Morando sozinha em Curitiba, Natalie aproveitava o vale-transporte que recebia no trabalho para ir até o instituto. Quando parou de trabalhar, o orçamento ficou apertado. Com problemas de saúde, ela perdeu muitas aulas e quase largou os estudos. "Aí apareceu a bolsa de inclusão social e pude continuar", conta. Em troca do dinheiro, R$ 200 mensais, Natalie fez monitoria acadêmica, o que ainda a auxiliou nos estudos.
Hoje a jovem trabalha na área e sonha em continuar os estudos em um curso superior de Medicina. "Escolhi o curso técnico porque dura menos tempo e você sai um profissional formado." Natalie faz aulas no pré-vestibular gratuito Em Ação nos fins de semana e se prepara para prestar vestibular no fim do ano. "A gente tem de comer, se vestir, então, precisa trabalhar", resume.
Informação
"Não sabia muito bem o que era o curso e caí de paraquedas"
O curso técnico em Mecânica, ofertado de forma integrada ao ensino médio, pareceu uma boa oportunidade para o jovem Igor Fabiano de Castro do Nascimento, 17 anos. Mesmo assim, ele desistiu da formação profissional e voltou ao ensino médio regular. "Aconteceu o que acontece com um monte de pessoas: não sabia muito bem o que era o curso e caí de paraquedas. Saí porque não era o que eu queria", conta.
De volta ao segundo ano do ensino médio, o jovem estuda hoje no Colégio Estadual Rodolpho Zaninelli, na Cidade Industrial de Curitiba, onde também cursou metade do ensino técnico. "Não tinha estrutura e ficou mais viável largar o técnico e ficar no regular", conta, lembrando que entre as razões para a troca estavam a falta de laboratórios e de professores.

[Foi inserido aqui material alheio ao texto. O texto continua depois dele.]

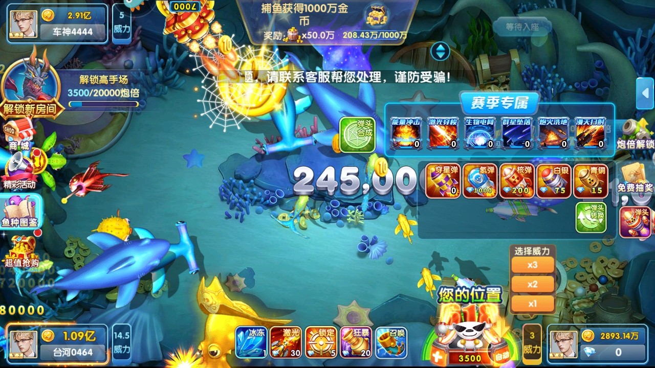 9.了解到这些之后我们就可以选择不同的渔场开始我们的捕鱼之旅了。

Segundo Marilda Diório Menegazzo, diretora do Departamento de Educação e Trabalho da Secretaria de Estado da Educação (Seed), para diminuir a taxa de evasão, as escolas estão sendo orientadas a explicar melhor para o aluno o que ele vai encontrar e estudar no ensino técnico. Além disso, novos laboratórios estão sendo preparados. Atualmente, a rede estadual tem 89.858 alunos no ensino médio profissionalizante, que está presente em quase todas as cidades do Paraná.